## WHAT TO PRODUCE
Starting at the line holding "The Yowies, those" and finishing at the line holding "dinner plates (27cm)", transcribe the material exactly, keeping both ends but no pictures.
─── GIVEN DATA
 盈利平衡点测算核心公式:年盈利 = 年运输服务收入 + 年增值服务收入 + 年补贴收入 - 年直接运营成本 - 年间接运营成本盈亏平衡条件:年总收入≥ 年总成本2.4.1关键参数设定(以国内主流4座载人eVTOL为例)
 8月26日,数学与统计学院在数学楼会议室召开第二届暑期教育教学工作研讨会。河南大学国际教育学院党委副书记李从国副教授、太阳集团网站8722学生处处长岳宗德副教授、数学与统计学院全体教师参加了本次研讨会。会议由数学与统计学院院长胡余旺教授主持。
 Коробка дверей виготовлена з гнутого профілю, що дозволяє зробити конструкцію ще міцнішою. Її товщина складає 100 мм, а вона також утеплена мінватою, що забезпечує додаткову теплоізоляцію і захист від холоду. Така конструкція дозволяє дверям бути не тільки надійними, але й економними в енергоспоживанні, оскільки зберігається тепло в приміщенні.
──────
─── GIVEN DATA
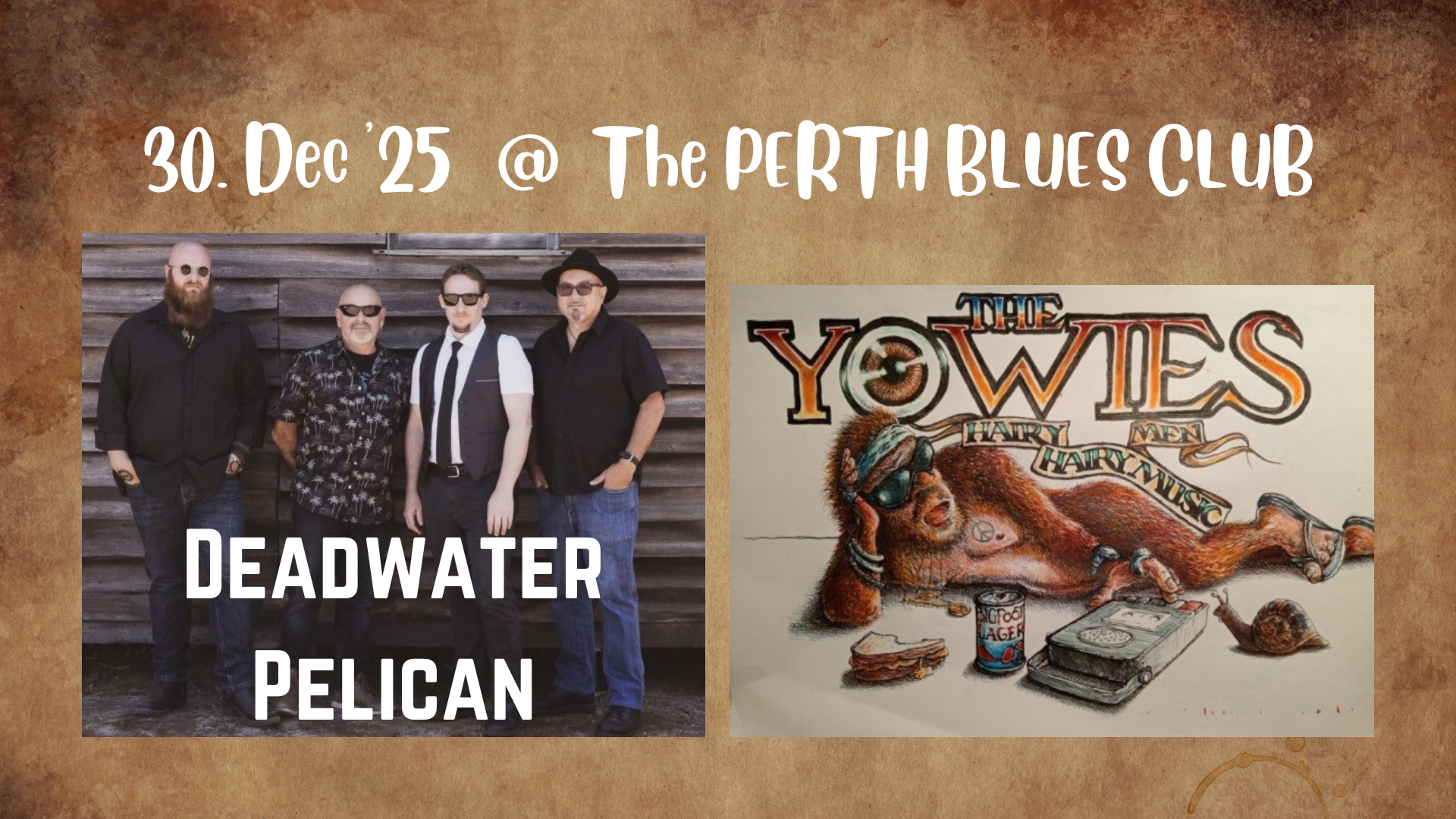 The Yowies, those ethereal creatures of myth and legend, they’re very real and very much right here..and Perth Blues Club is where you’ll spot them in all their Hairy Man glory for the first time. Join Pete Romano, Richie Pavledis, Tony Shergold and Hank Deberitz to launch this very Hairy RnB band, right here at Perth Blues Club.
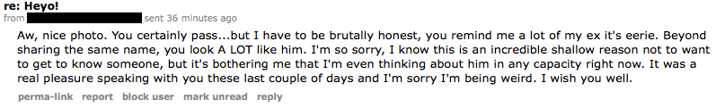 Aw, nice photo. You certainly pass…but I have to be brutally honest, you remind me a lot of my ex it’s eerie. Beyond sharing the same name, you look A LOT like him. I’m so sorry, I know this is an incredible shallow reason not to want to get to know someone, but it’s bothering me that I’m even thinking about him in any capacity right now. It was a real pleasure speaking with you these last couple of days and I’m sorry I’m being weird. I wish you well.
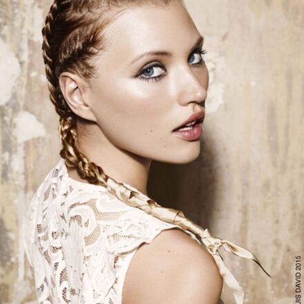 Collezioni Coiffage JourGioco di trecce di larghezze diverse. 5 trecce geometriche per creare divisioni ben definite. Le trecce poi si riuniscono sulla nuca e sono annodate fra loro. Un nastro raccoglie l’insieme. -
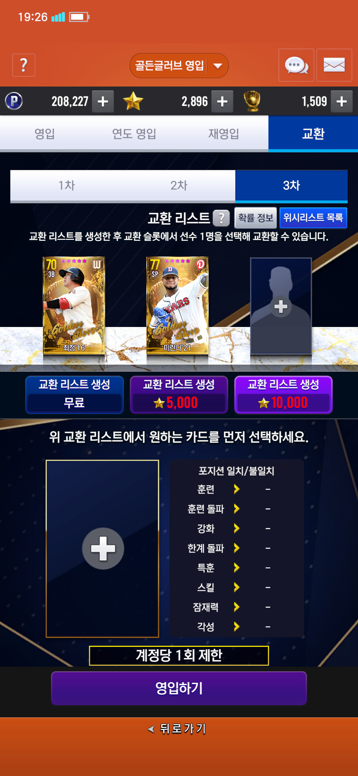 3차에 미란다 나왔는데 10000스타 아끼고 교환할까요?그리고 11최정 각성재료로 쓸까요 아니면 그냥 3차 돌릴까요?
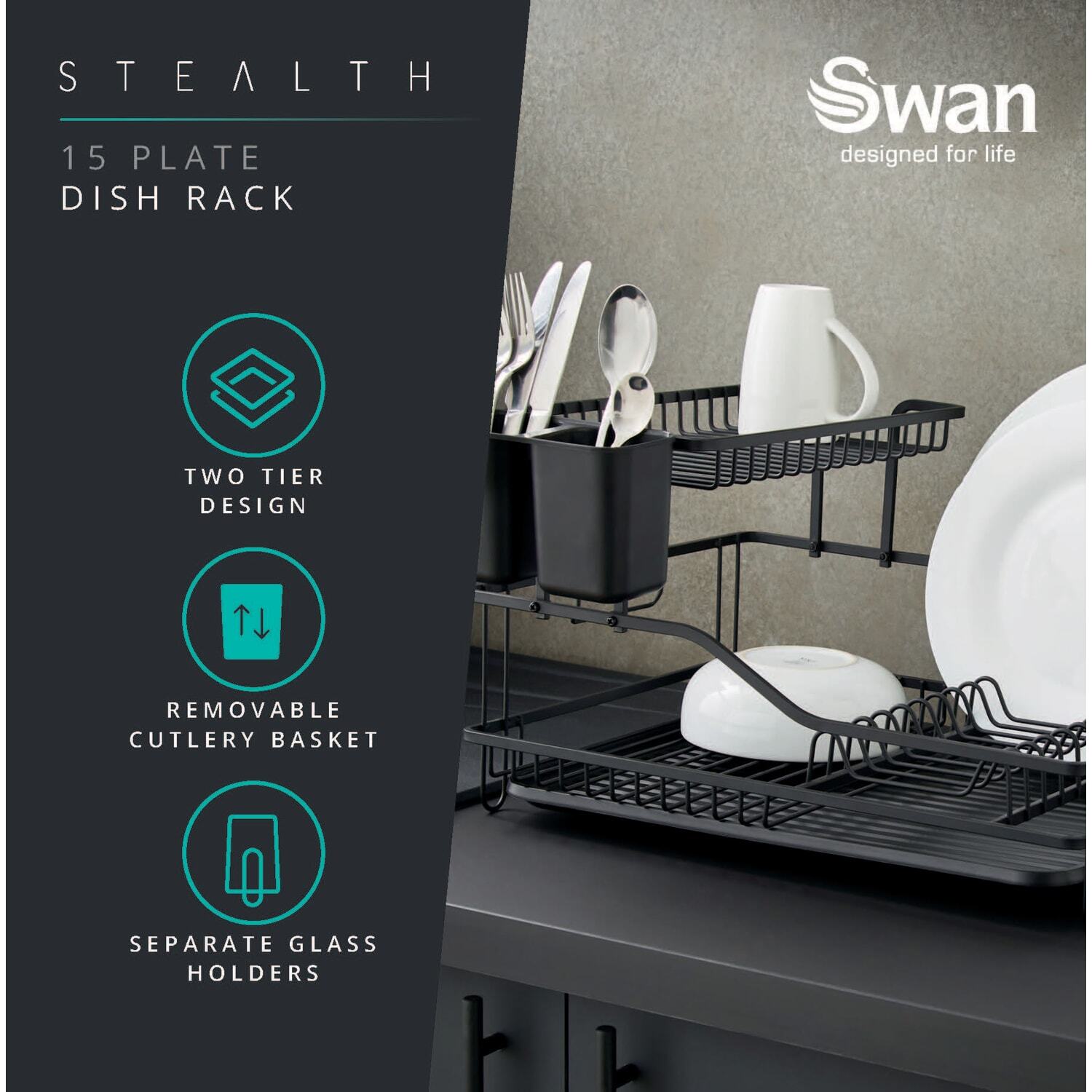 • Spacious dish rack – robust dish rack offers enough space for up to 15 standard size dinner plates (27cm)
──────
## RESULT OF THIS TASK
 The Yowies, those ethereal creatures of myth and legend, they’re very real and very much right here..and Perth Blues Club is where you’ll spot them in all their Hairy Man glory for the first time. Join Pete Romano, Richie Pavledis, Tony Shergold and Hank Deberitz to launch this very Hairy RnB band, right here at Perth Blues Club.
 Aw, nice photo. You certainly pass…but I have to be brutally honest, you remind me a lot of my ex it’s eerie. Beyond sharing the same name, you look A LOT like him. I’m so sorry, I know this is an incredible shallow reason not to want to get to know someone, but it’s bothering me that I’m even thinking about him in any capacity right now. It was a real pleasure speaking with you these last couple of days and I’m sorry I’m being weird. I wish you well.
 Collezioni Coiffage JourGioco di trecce di larghezze diverse. 5 trecce geometriche per creare divisioni ben definite. Le trecce poi si riuniscono sulla nuca e sono annodate fra loro. Un nastro raccoglie l’insieme. -
 3차에 미란다 나왔는데 10000스타 아끼고 교환할까요?그리고 11최정 각성재료로 쓸까요 아니면 그냥 3차 돌릴까요?
 • Spacious dish rack – robust dish rack offers enough space for up to 15 standard size dinner plates (27cm)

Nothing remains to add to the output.